Opinión: Un robot llamado periodista
Llega usted a su casa luego de un arduo día de trabajo, enciende su canal favorito para ver las noticias y, de repente, quien aparece hablando es un robot. Se…
Por Mariliana Torres @MarilianaTorres
Llega usted a su casa luego de un arduo día de trabajo, enciende su canal favorito para ver las noticias y, de repente, quien aparece hablando es un robot. Se siente confundido y, cuando cambia al otro canal, quien aparece es una mujer perfecta creada a través de la animación de un programa computarizado.
No estoy hablando del futuro cercano ni del programa de caricaturas The Jetsons; es la realidad de programas pilotos que varias compañías ensayan en China y Rusia.

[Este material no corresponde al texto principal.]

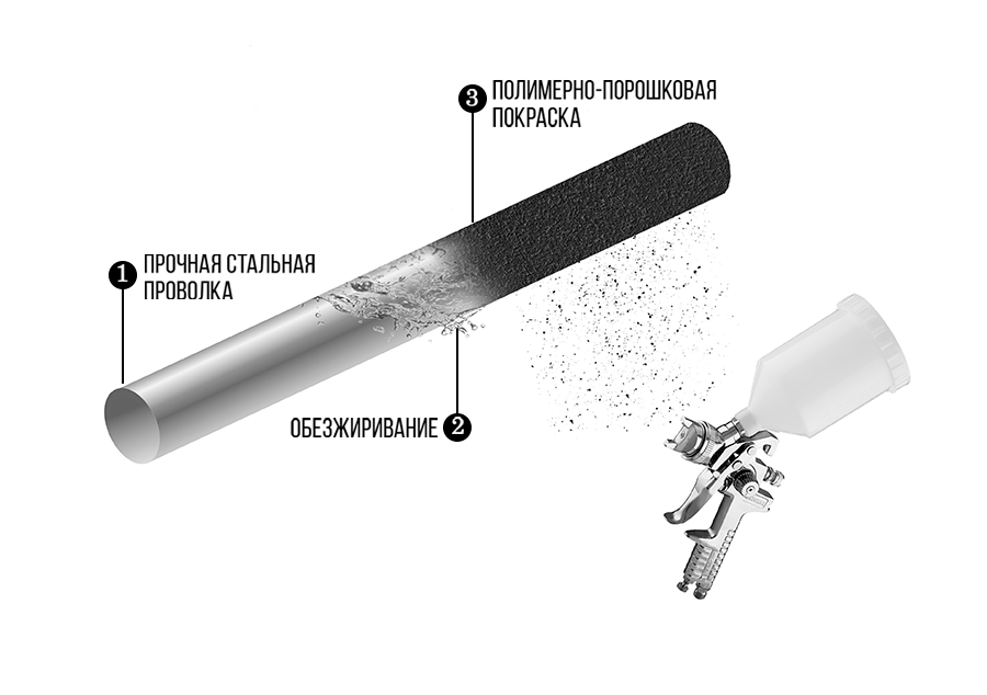 Высокое качество – качественная конструкционная сталь диаметром 2,5 мм обеспечивает жесткость, поэтому корзины и полки стойкие к деформации и повреждениям, а качество покрытия сетчатой продукции НАЙДИ позволяет использовать ее даже во влажных помещениях.
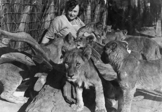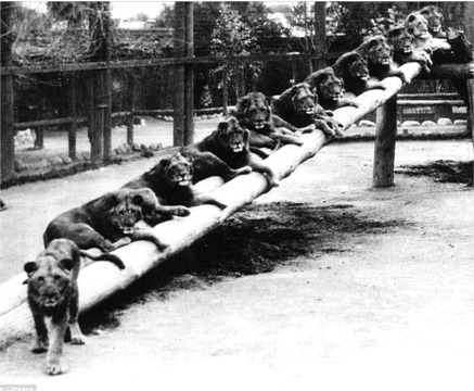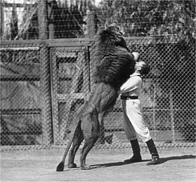 Needing more room for their animals, the Gays found a large plot of un-zoned property in El Monte, east of Los Angeles, where in 1925 they opened Gay's Lion Farm, a public attraction dedicated to the breeding, training and exhibition of African lions. The Farm quickly became one of the most popular tourist attractions in the Southland, doing a brisk trade in souvenir photographic postcards. Among the famous animals raised on the Farm were Metro-Goldwyn-Mayer Studio lions Slats (1924–1927, died of appendicitis and was stuffed) and his lookalike successor Jackie, and the celebrated comic lion Numa (1912–1930, died of cancer and was stuffed), named for the lion in the Tarzan books. Slats, Numa, and Jackie (the friendliest of the three) appeared as one lion in Charlie Chaplin's "The Circus" (1928). The 5-acre (2.0 ha) farm with its thatched roof, African-inspired architecture (a likely inspiration for Walt Disney's Adventureland), was a U-shaped compound, with separate cages for each adult cat, a nursery, and a central caged arena where Charles Gay, with whip and gun, performed a classic lion tamer act for the crowds. Feedings were also a big draw, with a ton of meat being consumed daily. In 1925, El Monte High School adopted the Lions name for its teams, and the Gays provided a lion mascot for big games. |

Como era de esperarse, ha ocasionado el repudio de diversas universidades especializadas en comunicación y de círculos de prensa. La crítica mayor a las intenciones de reemplazar a los periodistas de carne y hueso por máquinas que ahorran dinero a las empresas es que ninguna computadora puede sustituir el conocimiento de experimentados periodistas y mucho menos analizar el resultado de arduas investigaciones periodísticas.

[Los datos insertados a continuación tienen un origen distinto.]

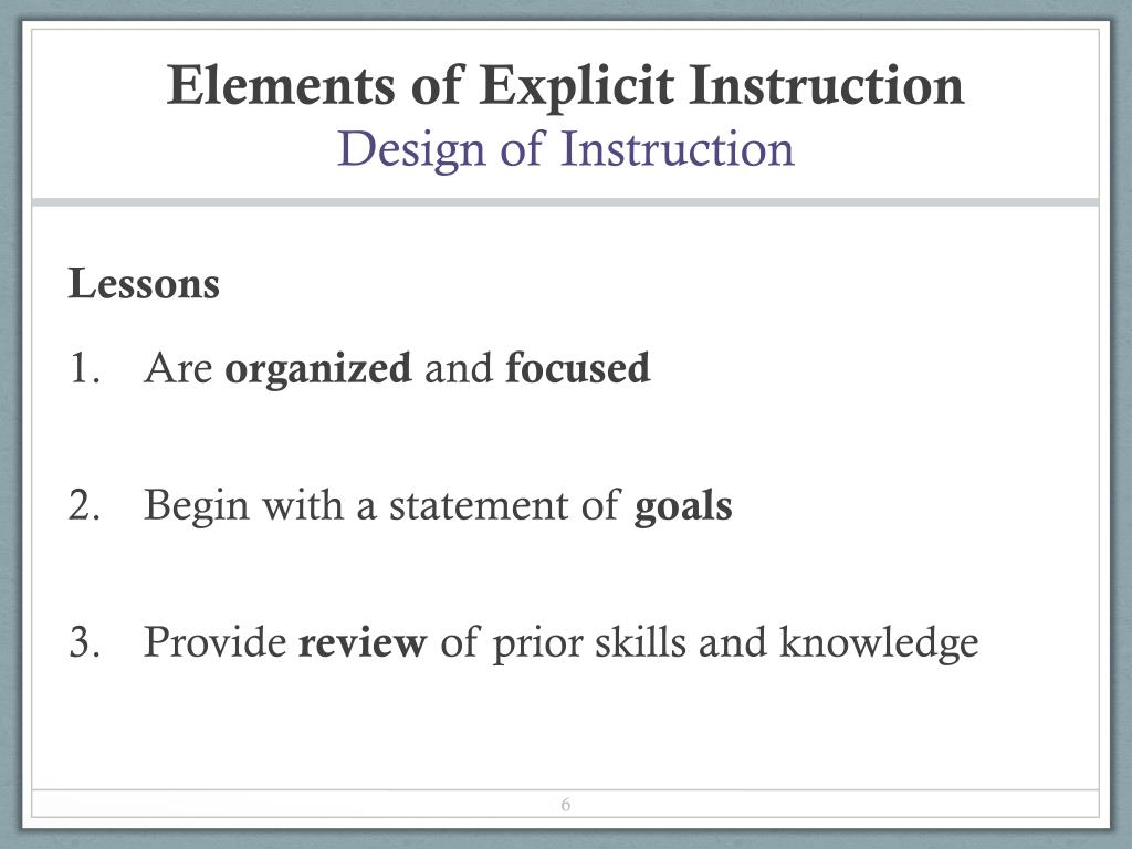 Elements of Explicit InstructionDesign of Instruction Lessons 1. Are organized and focused 2. Begin with a statement of goals 3. Provide review of prior skills and knowledge

Pero, a pesar de las críticas, recientemente varios medios de prensa internacionales han adquirido programas que pretenden transformar datos en historias periodísticas sin la intervención del conocimiento humano. En otras palabras, las ideas, las reflexiones, el conocimiento, la investigación, la libertad de prensa, el análisis y la conciencia periodística se cuelgan, en el armario junto al diploma, pues los millones y millones de datos computarizados los reemplazan.
Puedo entender que la máquina ahorra dinero y más en estos tiempos, pero el conocimiento de producir artículos bien pensados con un profundo análisis crítico es irreemplazable.
Además, como la máquina lo que hace es ordenar datos, no genera opinión pública. Los datos que escribe el programa automático son estructurados, cuadrados y puramente objetivos, lo que el periodismo dejó de ser hace mucho tiempo.
Desde el punto de vista de inmediatez, hay que aceptar que la máquina es un as, porque es capaz de preparar contenidos para las redes sociales más rápido que pestañear un ojo. Y como lo que vale es quién lo dijo primero. La computadora periodista le está ganando a los que se jactan de ser los más duros en el teclado.
En California, una empresa de prensa escrita acogió recientemente la tecnología del algoritmo creado por el periodista Ken Schwencke para generar titulares y encabezamientos automáticos. Pero lo que organiza y publica el programa es la información procesada previamente por periodistas.
Al periodista Schwencke se le increpó sobre si su invento respetaba la profesión o estaba promoviendo que las máquinas sustituyeran a los periodistas de carne y hueso, y este contestó que de ninguna manera buscaba reemplazar, sino apoyar y complementar la transmisión de datos de una manera más rápida. De hecho, él considera su innovación un reto para el mismo periodista, pues dice que hace el trabajo más interesante. Otros medios de prensa escrita también les han dado trabajo a otros programas que ahorran periodistas. Acosados por la crítica de círculos periodísticos han señalado que fueron adquiridos para completar información en la complicada tarea de informar con rapidez. Esos medios de comunicación aducen que el programa les otorga más tiempo libre a los periodistas para ocuparse de otras tareas, como la investigación profunda y el cultivo de fuentes para obtener reportajes exclusivos.
Si bien debemos adecuarnos a las nuevas tecnologías, ese intento de reemplazar a los periodistas por bytes no deja de ser sumamente preocupante. La propuesta computarizada debería ser acogida como un medio para apoyar y adelantar datos en esa lucha por la inmediatez, pero no como sustitución de labores de redacción periodística. Promover el periodismo automático computarizado atrofiaría nuestras mentes y encaminaría los contenidos al peligroso barranco del plagio. El periodismo, con toda la excelencia que se requiere, está basado en el respeto y la honestidad para entregarles a los receptores la verdad. Solo el tiempo dirá cuán provechoso fue el invento programático y si generó más periodismo inteligente o el alargamiento de la fila del desempleo.